→ THE TASK:
Starting with the first line of the data below, copy each line up to and including the one containing "Málverk eftir Reinhard". Pictures stay out.

→ DATA TO EXAMINE:
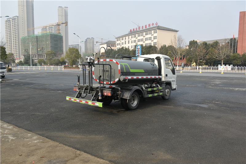 福田小卡二灑水車_福田藍牌灑水車_福田藍牌3方灑水車 國六藍牌灑水車_湖北盈通專用汽車有限公司,該車主要用于城鄉園林綠化,路面噴灑,除塵和降溫;主要裝置為罐體及噴灑裝置;罐體有效容積:2.18立方米;罐體外形尺寸(×長軸×短軸)(mm):2450×1400×930;ABS型號為CM4YL,生產廠家為廣州瑞立科密汽車電子股份有限公司;側、后防護材料均為:Q235碳鋼,連接方式均為:螺栓連接,后部防護截面尺寸(mm):120×50,后部防護離地高度(mm):380.隨底盤選裝前部LOGO及格珊風格。
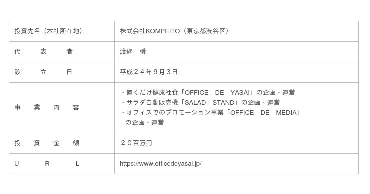 KOMPEITOは、全国各地の地産野菜をオフィスに取り入れる“置くだけ健康社食”「OFFICE DE YASAI(オフィスで野菜)※」を運営するスタートアップ企業です。
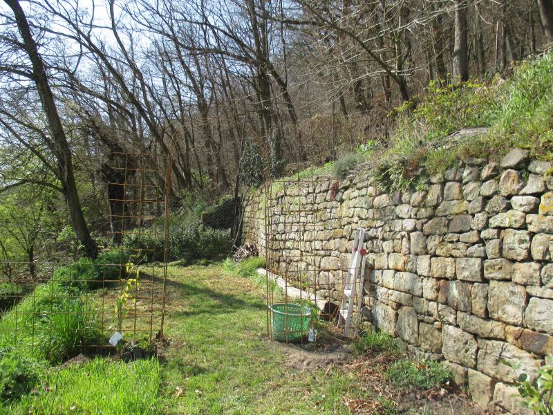 Das Ganze ist stabil dadurch, dass ich Matten im rechten Winkel gebogen habe, ca. 20 cm in den Boden gehauen habe, mit der Mauer verbunden und noch zusätzlich 10er-Eisen einen Meter in den Boden versenkt und mit dem Gestell verbunden habe.
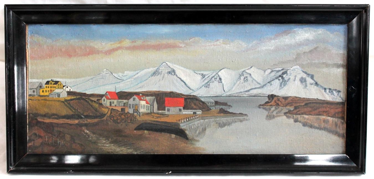 Málverk eftir Reinhard Christiansen, af gömlu kaupfélagshúsunum í Borgarnesi.
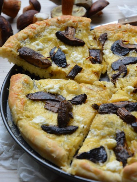 Na ciasto smarujemy powidła śliwkowe zmieszane z odrobiną musztardy. Buraki kroimy w cienkie plastry lub paski, doprawiamy solą i pieprzem. Do farszu dodajemy posiekane orzechy. Całość wykładamy na powidła i pieczemy przez ok. 15 minut. Gotową pizzę ozdabiamy świeżymi liśćmi botwiny lub szpinaku.
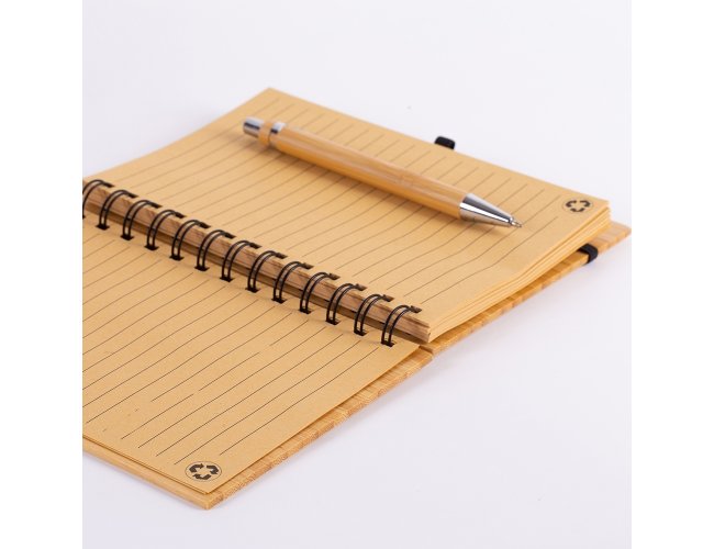 Caderno ecológico com caneta. Capa de bambu. Possui aproximadamente 70 folhas beges pautadas com logo reciclado na lateral inferior. Acompanha suporte elástico de nylon com uma caneta de bambu com detalhes em metal.

→ EXPECTED ANSWER:
 福田小卡二灑水車_福田藍牌灑水車_福田藍牌3方灑水車 國六藍牌灑水車_湖北盈通專用汽車有限公司,該車主要用于城鄉園林綠化,路面噴灑,除塵和降溫;主要裝置為罐體及噴灑裝置;罐體有效容積:2.18立方米;罐體外形尺寸(×長軸×短軸)(mm):2450×1400×930;ABS型號為CM4YL,生產廠家為廣州瑞立科密汽車電子股份有限公司;側、后防護材料均為:Q235碳鋼,連接方式均為:螺栓連接,后部防護截面尺寸(mm):120×50,后部防護離地高度(mm):380.隨底盤選裝前部LOGO及格珊風格。
 KOMPEITOは、全国各地の地産野菜をオフィスに取り入れる“置くだけ健康社食”「OFFICE DE YASAI(オフィスで野菜)※」を運営するスタートアップ企業です。
 Das Ganze ist stabil dadurch, dass ich Matten im rechten Winkel gebogen habe, ca. 20 cm in den Boden gehauen habe, mit der Mauer verbunden und noch zusätzlich 10er-Eisen einen Meter in den Boden versenkt und mit dem Gestell verbunden habe.
 Málverk eftir Reinhard Christiansen, af gömlu kaupfélagshúsunum í Borgarnesi.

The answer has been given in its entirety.